2010.06.02

「封鎖のなかに生きるパレスチナ人は自由船団へのイスラエルの攻撃に激怒する 」

自由船団攻撃を受けての、ガザの様子を描いた文章をラフに訳してみました。

「封鎖のなかに生きるパレスチナ人は自由船団へのイスラエルの攻撃に激怒する 」

ラミ・アルムガリ

2010年6月1日

「自由船団」へのイスラエルの攻撃というニュースが流れ、乗員の負傷者数が多くなるにつれ、ガザのちっぽけな港の雰囲気は暗澹としたものになっていった。政府やNGOの代表たち、 活動家、また普通の人々を含んだ何百人のパレスチナ市民は、 船団の乗員たちを迎えるため、不安な中で待っていた。イスラエル海軍による攻撃の知らせが最初にもたらされたとき、全員がショックを受け、沈黙がその場を圧倒した。

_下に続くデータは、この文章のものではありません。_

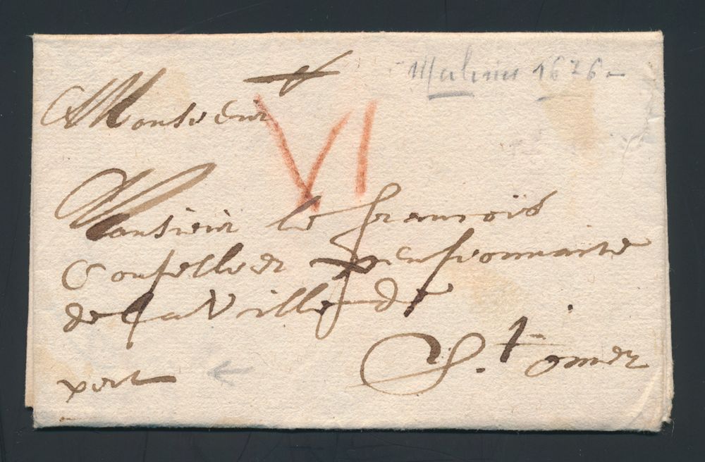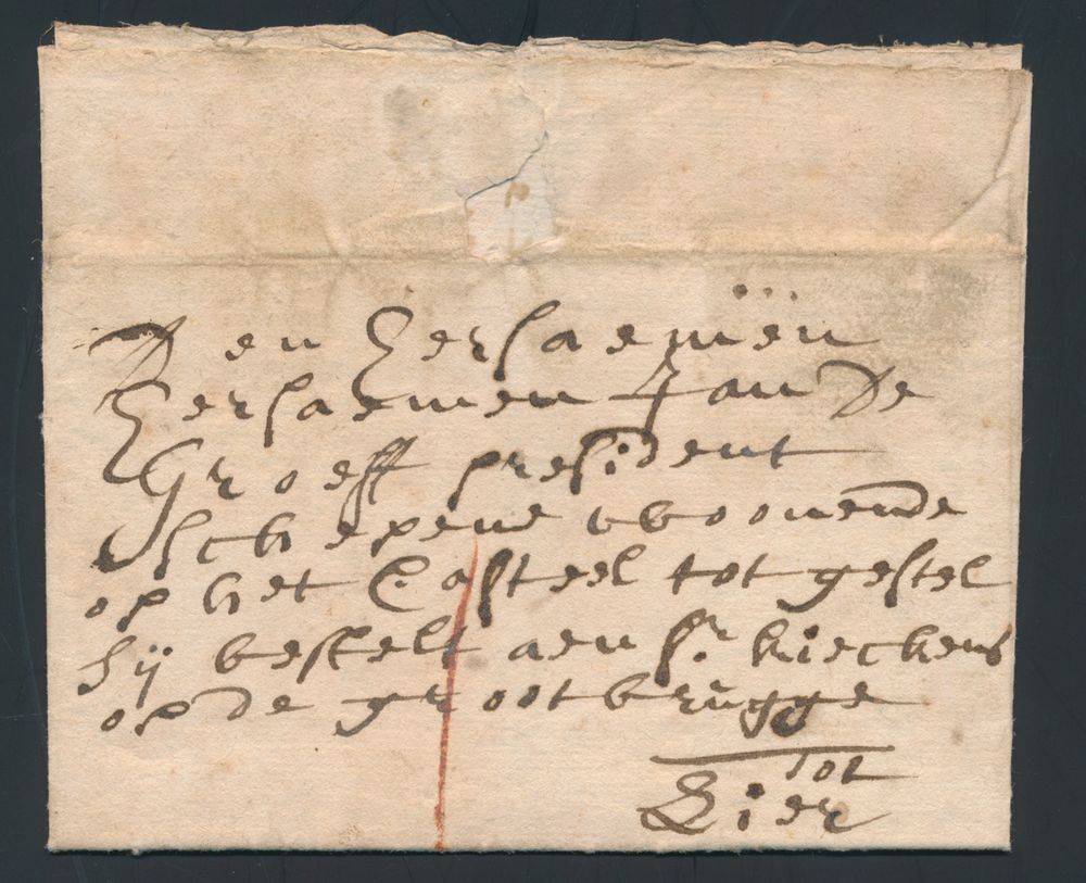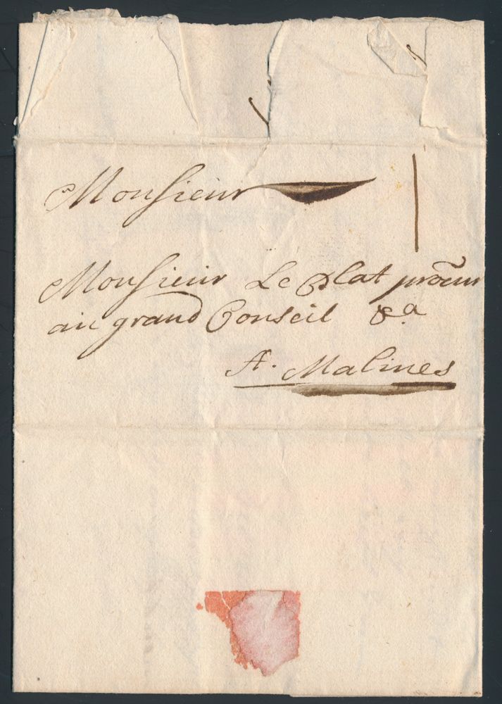 941 image1676 Forerunner with contents, from Mechelen, charge VI in red chalk, manuscript "charge" bottom left, vf(Image 1)

「すべてのアラブ人、国連、および国際社会の指導者たちは介入し、このような暴虐を止めなければならない。彼らが私たちに対して何をしようとも、私たちはこの地にしっかりと留まる」と言ったのは、船団の到着を待っていた中にいたガザ市から来た車イスのアブデルラティーフ・アルザニーン。

「自由船団」は9隻の船から構成され、35ヶ月にわたるイスラエルのガザ封鎖を破るために、スウェーデン、英国、トルコ、スペイン、アイルランド、レバノン、クェイト、アルジェリアなどを含む40以上の国々から来た 700人の人権活動家や人道援助支援者を載せていた。船はガザの150万人の住民のための医療、人道物資1万トンを運んでいた。そのなかには、子どもたちのおもちゃや、車イス、建設資材、紙、生徒たちのための運動用具、様々な医療用品が含まれている。

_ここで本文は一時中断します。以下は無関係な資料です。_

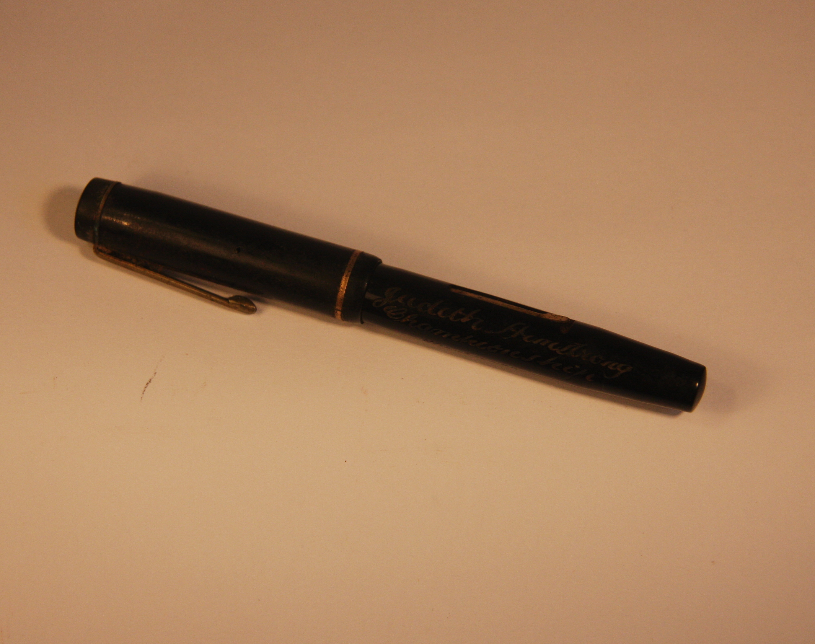 DESCRIPTIONFountain pen, black with gold plated band on cap. Inscription states ”Judith Armstrong Championship”.Peninsula District School; Girls Champion 1948 (Athletics); Judith Armstrong
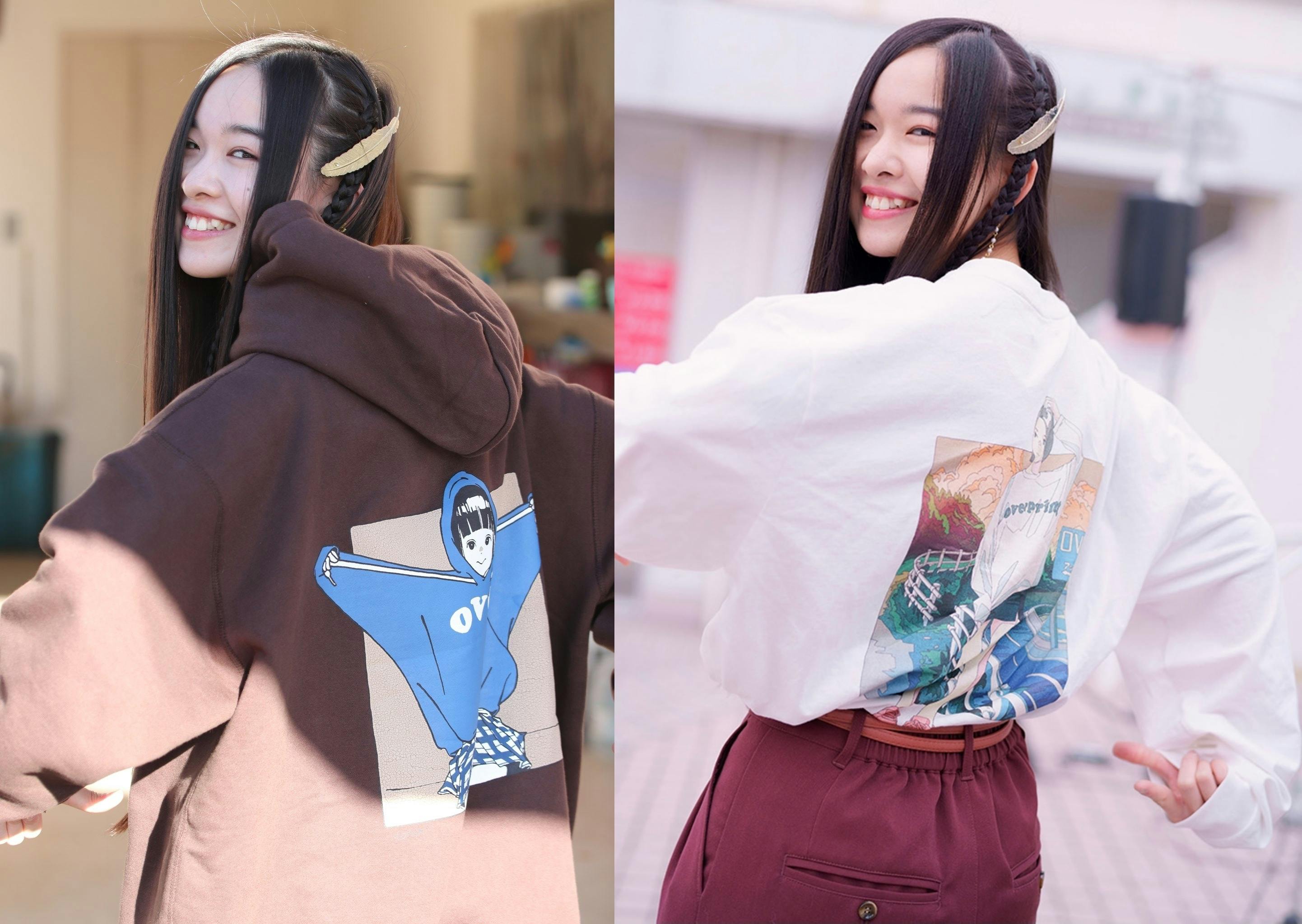 A:背面は画像と同じ古塔つみさんのイラストのプリントになります。前面は見本デザインの単色のプリントになります。

ガザの医療救援基金のムスタファ・アーベドは、「イスラエルによる封鎖はガザ地区の7万人以上の障害を持つ人たちが必要とする機具の入手を妨害してきました。我々はすべての関連ある団体に封鎖をこれっきり解くよう圧力をかけることを呼びかけます」。

アーベドは船団が運んでいる500台の電動車イスが、昨冬のイスラエルの侵攻のせいで障害を負った200人以上人々を含んだガザの障害者を助けるだろうと確信してきた。

船団は月曜の朝、およそ午前4時に公海上で、ミサイル艦やエリート奇襲部隊を運ぶヘリコプターなどによるイスラエル海軍によって攻撃された。報道では少なくとも10人が殺され、何十人かが負傷している。

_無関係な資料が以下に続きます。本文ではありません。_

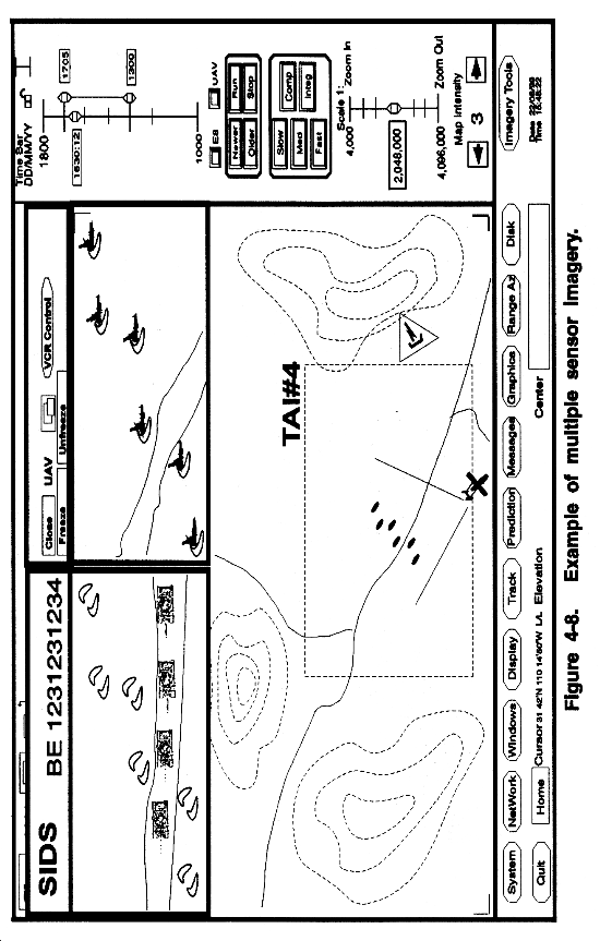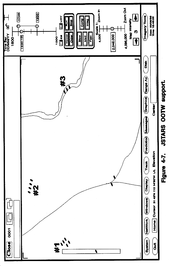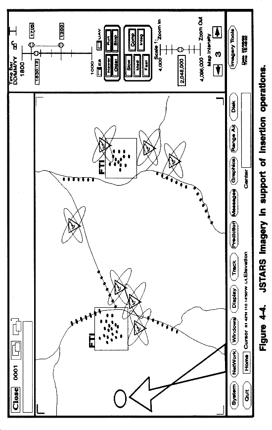 Secondary Imagery Interface. Secondary imagery, Joint STARS imagery, UAV imagery, and JTT SIGINT data used simultaneously are examples of change detection of an area. Figure 4-8 shows multiple sensor imagery with JTT SIGINT data in change detection operations. Other uses of secondary imagery include obstacle and fortification detection and in-depth analysis of an area and targeting operations.
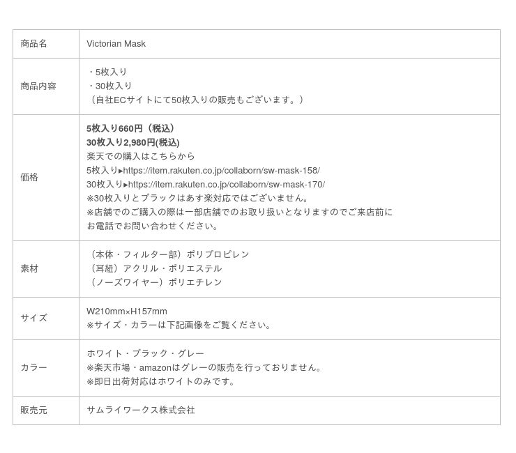 <Collaborn 楽天市場店>https://item.rakuten.co.jp/collaborn/sw-mask-158/
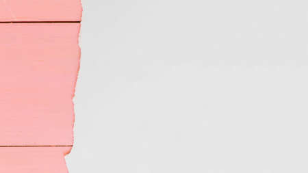 One white sheet of paper torn from a notebook, on a pink background with a copy of the space.
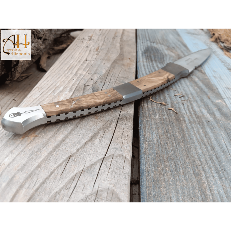 Il coltello commemorativo della battaglia di Bailén ha una lama di 21,50 cm in acciaio MOVA 380, che raggiunge una lunghezza totale di 45 cm. I manici sono realizzati in legno d'ulivo originario di Bailén, simbolo delle radici locali e del legame con la terra andalusa. Pesa circa 340 grammi, il che gli conferisce solidità e presenza.

ガザに船団が到着するのを待っていたパレスチナ人はこの攻撃に対する激怒を声にしだした。 アシュラーフ・サレーは「今日、私たちは全世界に、パレスチナ人を助け、助けにくるこのような人々すべてを守るように呼びかけます。起こったことは信じられないものです」

ガザのすべての政党の代表たちも攻撃された活動家への連帯を示すデモにいた。ファタハを率いる人物で、パレスチナ評議会のファタハの長であるドクター・ファイサル・アブ・シャフラはこう宣言した。イスラエルは人権と国際法をさげすむことを、ガザへ医薬品を運んでいた人々を攻撃することによって示して見せたのだ、と。

また、シャフラは、合州国とオバマ大統領は、イスラエルが必要なのは更なる兵器ではなく、むしろ国際法のルールがパレスチナの土地の占領を終わらせることで守られるべきだということを理解する必要があると加えた。

ガザのハマス政府は船団でイスラエル軍に殺された者を「自由の殉教者(シャヒード)」として2日間の喪に服することをアナウンスした。イスラエルの封鎖を破る政府委員会の会長であり、ハマス政権のアドバイザーであるドクター・アフマド・ユーセフは、「イスラエルが今日犯したことは、疑いもなく海賊行為であり、人道への罪だ。イスラエルの指導者を我々は裁きの場へ引き出すことを要求する」と語った。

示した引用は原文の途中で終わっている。